Inverse Reinforcement Learning using Revealed Preferences and Passive Stochastic Optimization

This monograph, spanning three chapters, explores Inverse Reinforcement Learning (IRL). The first two chapters view inverse reinforcement learning (IRL) through the lens of revealed preferences from microeconomics while the third chapter studies adaptive IRL via Langevin dynamics stochastic gradient algorithms. Chapter uses classical revealed preference theory (Afriat's theorem and extensions) to identify constrained utility maximizers based on observed agent actions. This allows for the reconstruction of set-valued estimates of an agent's utility. We illustrate this procedure by identifying the presence of a cognitive radar and reconstructing its utility function.
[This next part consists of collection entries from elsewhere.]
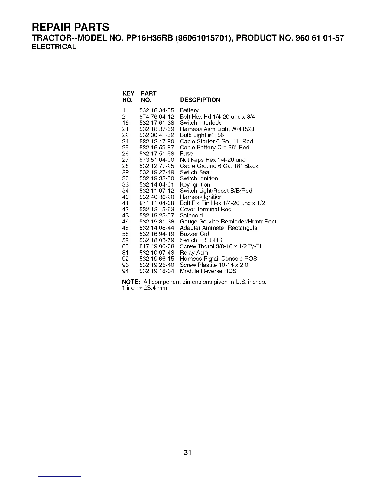 TRACTOR--MODEL NO. PP16H36RB (96061015701), PRODUCT NO. 960 61 01-57
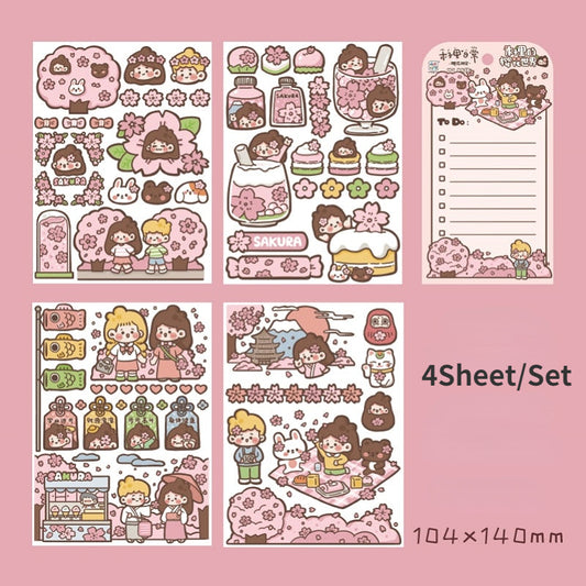 Cute Girl Sakura Sticker Black and Pink 4sheet/lot #s1146
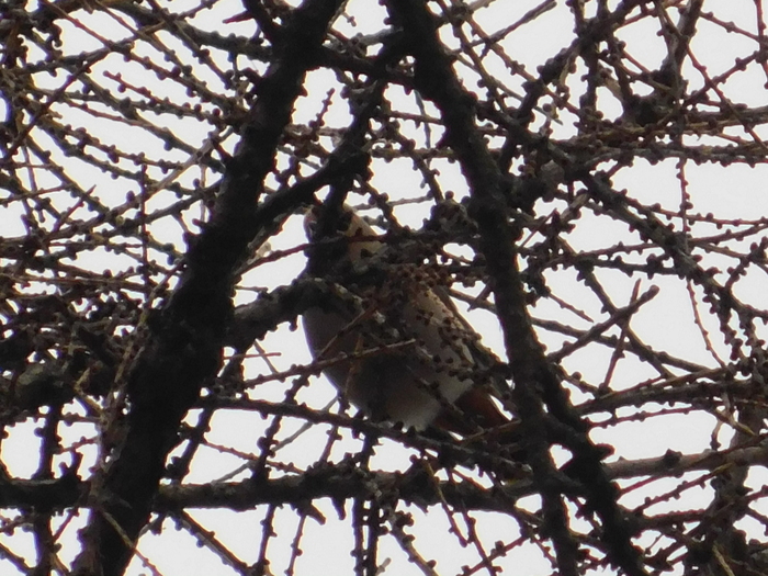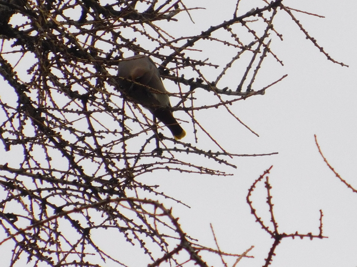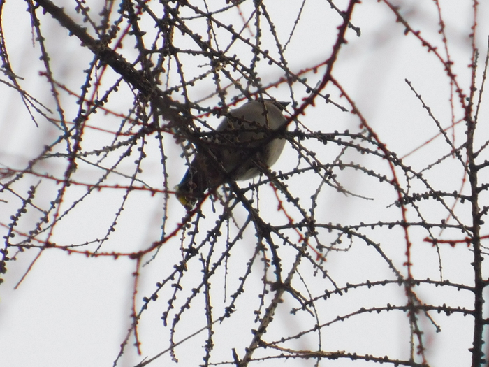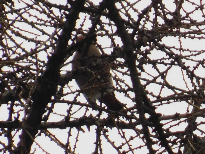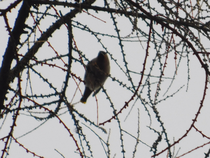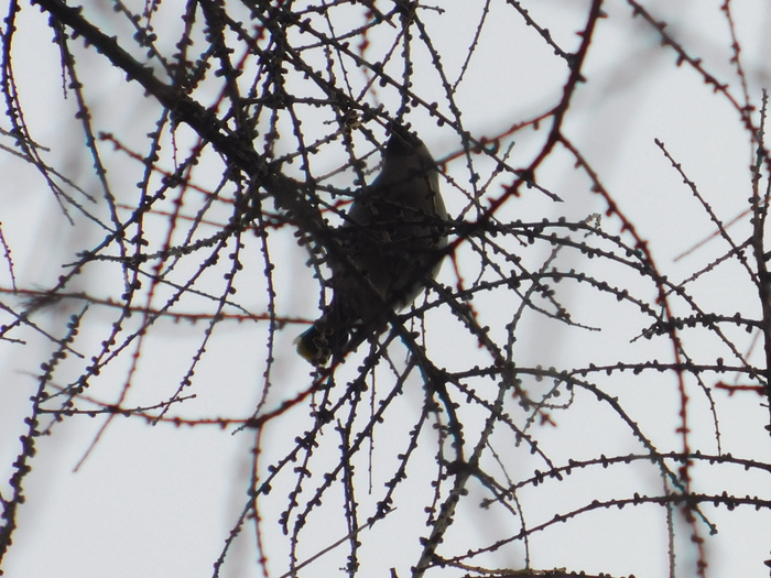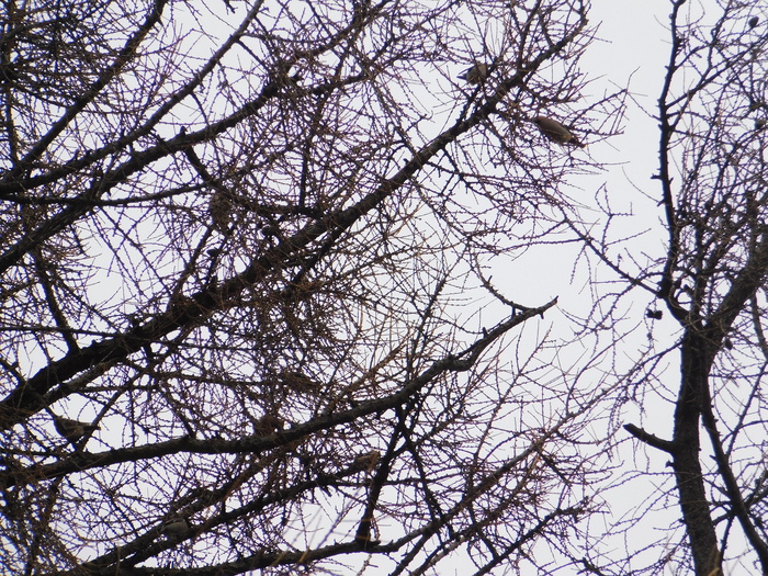 ЦПКиО очень хороший парк для бёрдвотчинга. Тут и внутренние пруды и Большая Невка и Средняя Невка. Есть и водоплавающие и лесные птицы. Тут очень много кормушек и дуплянок. Кормушки часто большие и красивые. А такой величины дуплянки, которую мы увидели рядом с дворцом, я никогда не видел. Туда вполне орёл средних размеров может влезть. Орлы правда в дуплянках не живут))) Синицы едят с рук. Людей они не бояться. Свиристелей мы видели здесь в двух местах. На берегу Средней Невки и недалеко от катка. В обоих случаях они кормились на лиственницах. Сидели на большой высоте. Сфотографировать их получилось на пределе возможностей моего аппарата. Жаль, они ведь очень красивые...
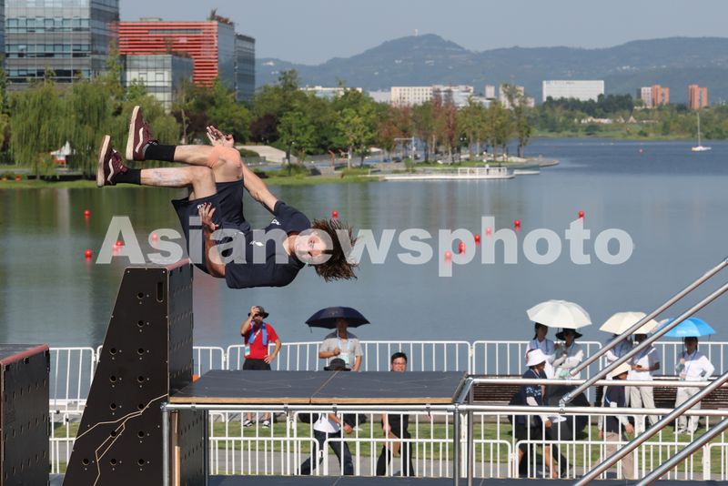 2025年8月12日,成都世运会跑酷男子自由式比赛在兴隆湖湖滨赛场举行,中国选手富思达进入决赛,日本选手Shiohata Mutsuhiro、法国选手Hitz Eloan与美国选手Rudolph Shea分获金银铜牌。
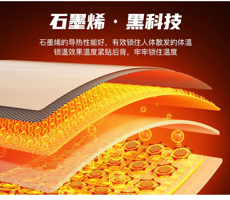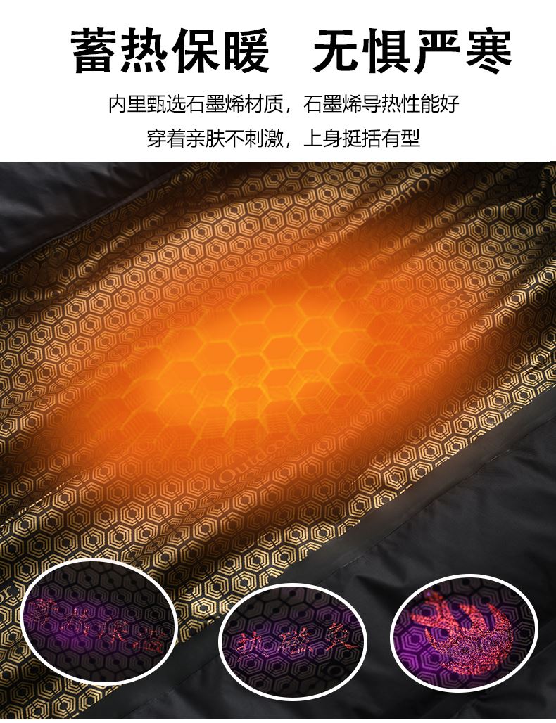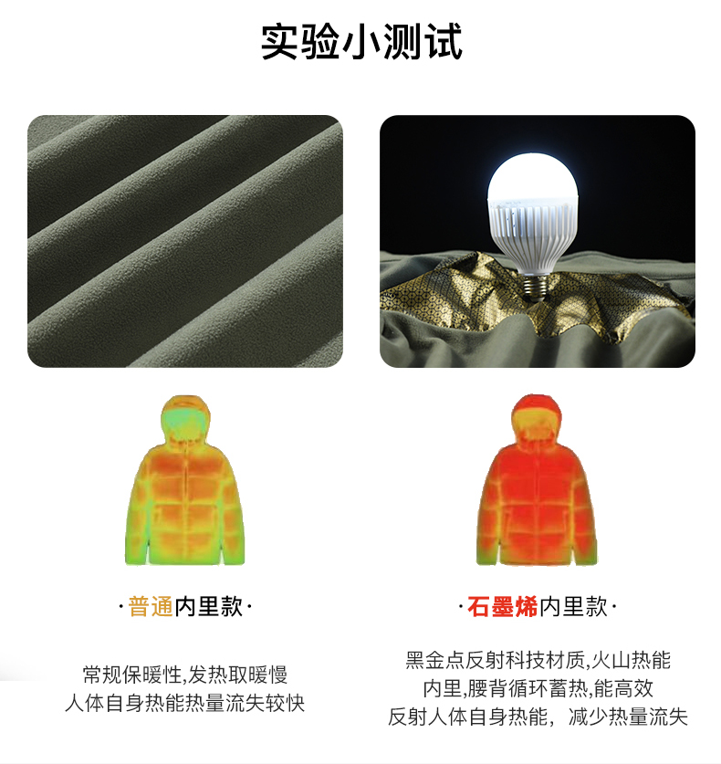 》面料:石墨烯科技面料 》功能:抗静电 》面料成分:聚酯纤维 》里料成分:聚酯纤维 》内胆成分:聚酯纤维 》产品优点: 黑金石墨烯 循环导热 蓄温保暖快速导热提温 无惧严寒科技御寒 牢牢锁温 持续保温适合日常通勤 登山露营
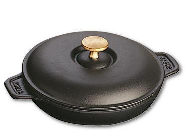 De gietijzeren warme borden met deksel zijn zeer sterk en houden uitstekend warmte vast; laat uw gerecht gelijkmatig garen in de oven en dien meteen in stijl op aan tafel. Dankzij deze borden zal de bereiding aangenaam warm blijven. De speciale mat zwarte afwerking aan de binnenkant is duurzaam en makkelijk in onderhoud.<.>
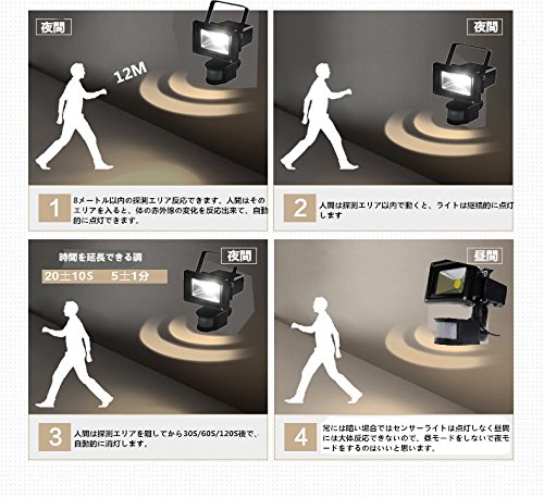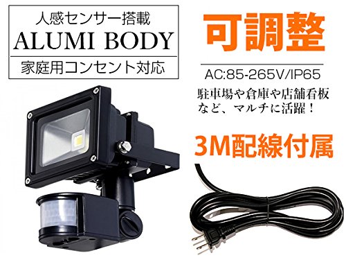 LED投光器 10W20W30W ACコード付 センサーライト 人感 屋外余裕の3mコード 昼光色 防犯ライト 駐車場 倉庫 防水加工 広角 防水 (10W)
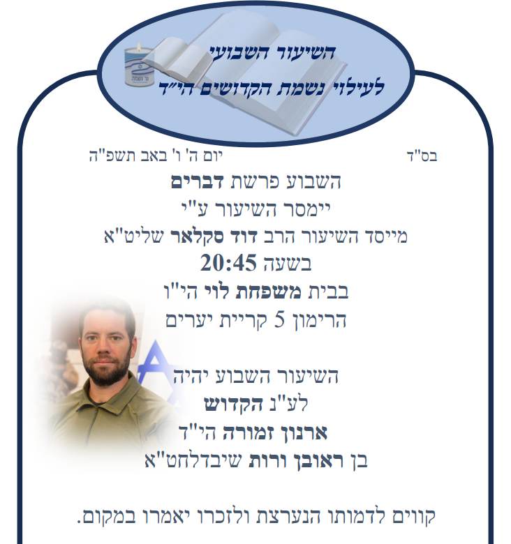 רק בסיום הקריאה כשסרקתי את הקוד והגעתי לאתר זה, גיליתי לתדהמתי שהקדשתי את יום יד' באלול תשפ"ה , במלואו לזכרו של ארנון זמורה זצ"ל. יום ההולדת העברי . התרגשתי ובכיתי עם התקדמות הפרקים בספר.

The chapter also addresses the construction of a statistical detector for utility maximization behavior when agent actions are corrupted by noise. Chapter 2 studies Bayesian IRL. It investigates how an analyst can determine if an observed agent is a rationally inattentive Bayesian utility maximizer (i.e., simultaneously optimizing its utility and observation likelihood). The chapter discusses inverse stopping-time problems, focusing on reconstructing the continuation and stopping costs of a Bayesian agent operating over a random horizon. We then apply this IRL methodology to identify the presence of a Bayes-optimal sequential detector. Additionally, Chapter 2 provides a concise overview of discrete choice models, inverse Bayesian filtering, and inverse stochastic gradient algorithms for adaptive IRL. Finally, Chapter 3 introduces an adaptive IRL approach utilizing passive Langevin dynamics. This method aims to track time-varying utility functions given noisy and misspecified gradients. In essence, the adaptive IRL algorithms presented in Chapter 3 can be conceptualized as inverse stochastic gradient algorithms, as they learn the utility function in real-time while a stochastic gradient algorithm is in operation.